In Munger, Tolles & Olson LLP ex rel. American Management Services LLC v. U.S. Department of the Army, the plaintiff sought a declaratory judgment that the defendant had violated FOIA's timeliness requirements. 58 F.Supp.3d 1050, 1054 (C.D. Cal. 2014). This request for a declaratory judgment was independent from whether the remaining undisclosed documents were exempt from disclosure. Id.

In Hajro v. USCIS, the plaintiff brought a claim for injunctive relief based on an alleged pattern and practice of unreasonable delay in responding to FOIA requests. 832 F.Supp.2d 1095, 1107-08 (N.D. Cal. 2011), rev'd in part, vacated in part, 807 F.3d 1054 (9th Cir. 2015), withdrawn from bound volume, opinion amended and superseded on denial of reh 'g, 811 F.3d 1086 (9th Cir. 2016), and rev'd in part, vacated in part, 811 F.3d 1086 (9th Cir. 2016). The remedy sought for that claim was injunctive relief, not disclosure of exempted information. See id. at 1108. “Injunctive relief is warranted in order to remedy a pattern and practice of FOIA violations by an agency where there is ‘a probability that alleged illegal conduct will recur in the future.'” Id. (emphasis added). Plaintiff has brought no comparable claim in this action.

Similarly, in Long v.

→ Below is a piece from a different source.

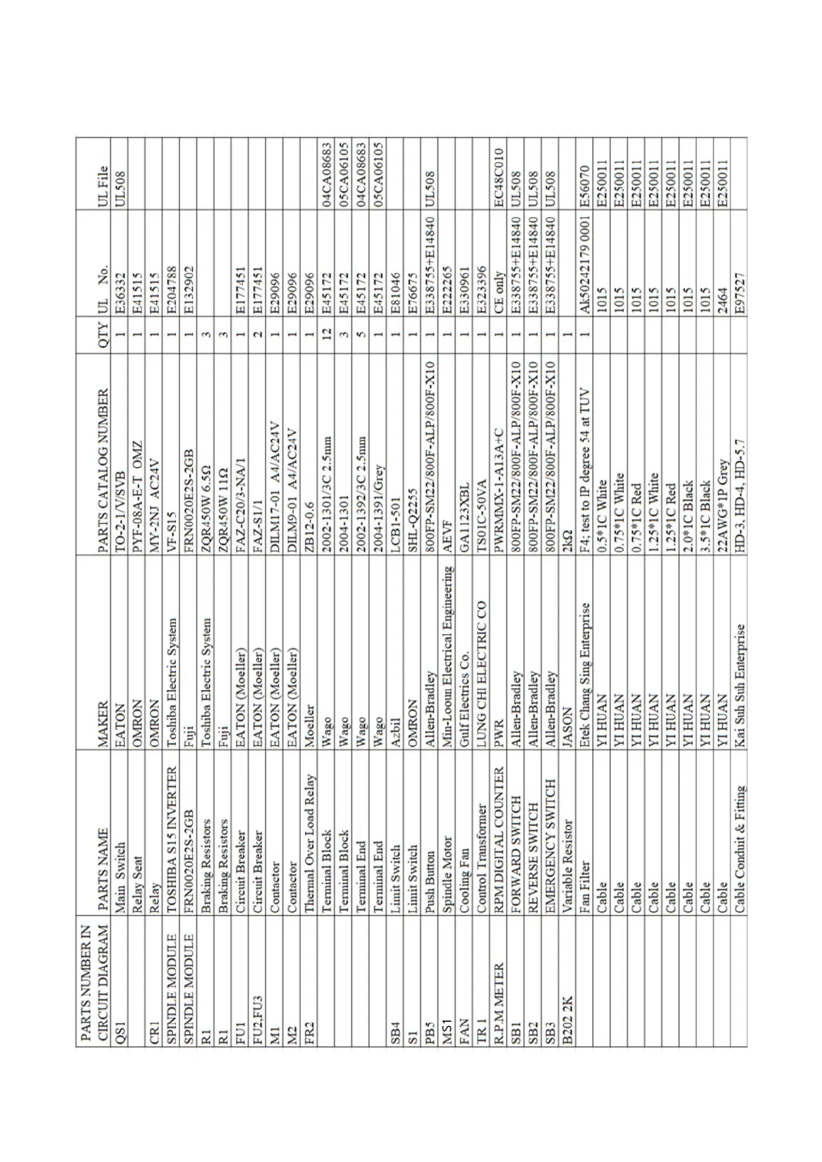 Electric Component List

IRS, the plaintiffs requested injunctive relief to prevent prolonged delays by the IRS in responding to the plaintiffs' FOIA requests. 693 F.2d 907, 909 (9th Cir. 1982). The Ninth Circuit found that injunctive relief was appropriate in that case “to prevent the prolonged delays and repeated litigation over disclosure of the same type of documents in the future.” Id. at 910 (emphasis added). The authority advanced in Plaintiffs Motion does not support its claim for relief herein.

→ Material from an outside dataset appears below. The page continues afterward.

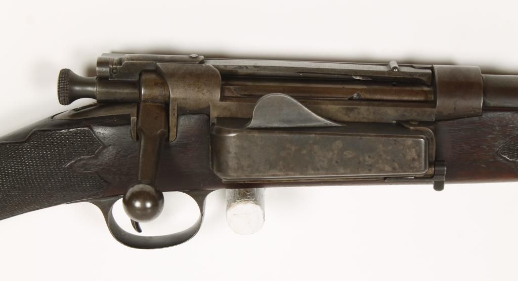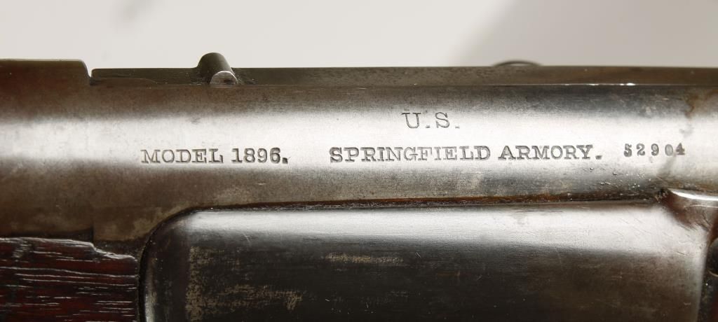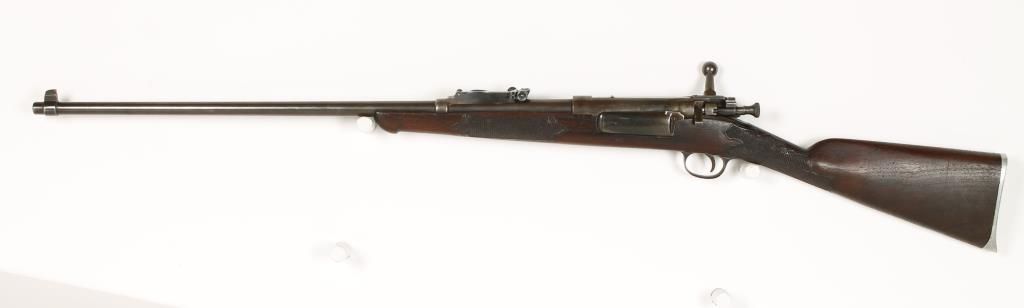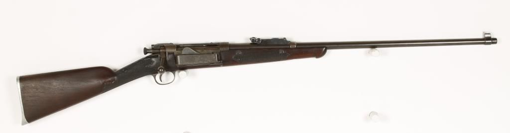 SN: 52904, Early U.S. military bolt action Krag rifle sporterized with barrel being cut down to 26". Stock has been replaced with straight grip checkered stock with ornate aluminum butt plate. maintains graduated rear sight and front sight is banded over barrel. Good bore and action. Condition: Fair to good showing 30% original blue which has turned to brown patina. Wood is good. *Curio & Relic Firearm*

B. Contradictions in the Record

Defendant's exemptions are supported by three declarations. As Plaintiff notes, each declaration attested that all nonexempt materials had been properly segregated and produced; yet, ICE's iterative production expanded on the previous ones. Plaintiff contends the inherent contradiction among the declarations calls into question the credibility of ICE's evidence such that it should be afforded no deference.

Defendant argues that it exercised its discretion to release information previously withheld without conceding the previous withholdings were inappropriate. Defendant notes that the only dispute that remains before this Court relates to those portions of the Guidebook it has not produced, and the evidence with respect to the exempted material uniformly defends its basis for exemption; there is no contradiction with respect to the evidence advanced to support these exemptions. Defendant additionally asserts that its subsequent release of more information is not grounds for an adverse finding against it.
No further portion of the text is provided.